# Compare geocoding results with curated geopositions
- Make use of BioTIME database and mordecai
- Calculate the geodesic distance between computed geoposition and curated longitude, latitude coordinates

Ensure to reload Python scripts dynamically

In [59]:
%load_ext autoreload
%autoreload 2

The autoreload extension is already loaded.
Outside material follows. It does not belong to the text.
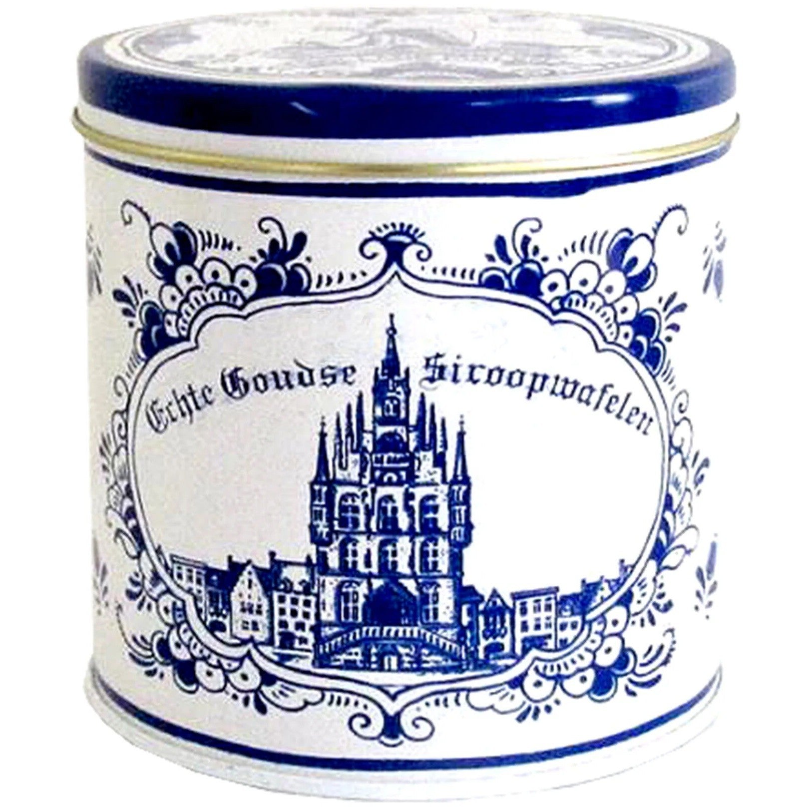 Holland Bakehouse Stroopie stroopwafels (syrup waffles) in a gift tin with Delft Blue design. There are 8 waffles per tin.
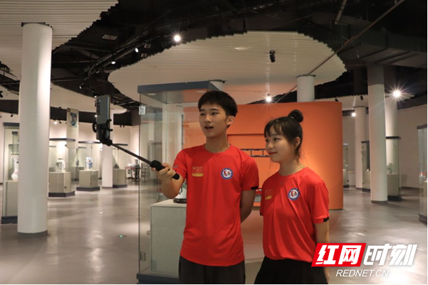 在中国陶瓷谷,实践团队成员跟随讲解员详细陶瓷制备过程和现存于醴陵博物馆的珍贵陶瓷背后的故事。而后,两位实践团队成员化身主播,通过抖音平台线上宣讲醴陵陶瓷文化。

To reload it, use:
  %reload_ext autoreload


Set up mordecai's geoparser

In [60]:
from mordecai import Geoparser
geo = Geoparser()

Load examples from biotime via a Python helper

In [61]:
import biotime_examples

Show all examples

In [62]:
biotime_examples.biotime_sample_sites.keys()

dict_keys(['Anderson et al. - 2011', 'Farah et al. - 2014', 'Holmes et al. - 1986', 'Rocha et al. - 2017', 'Thomsen et al. - 2016', 'Woods - 2009'])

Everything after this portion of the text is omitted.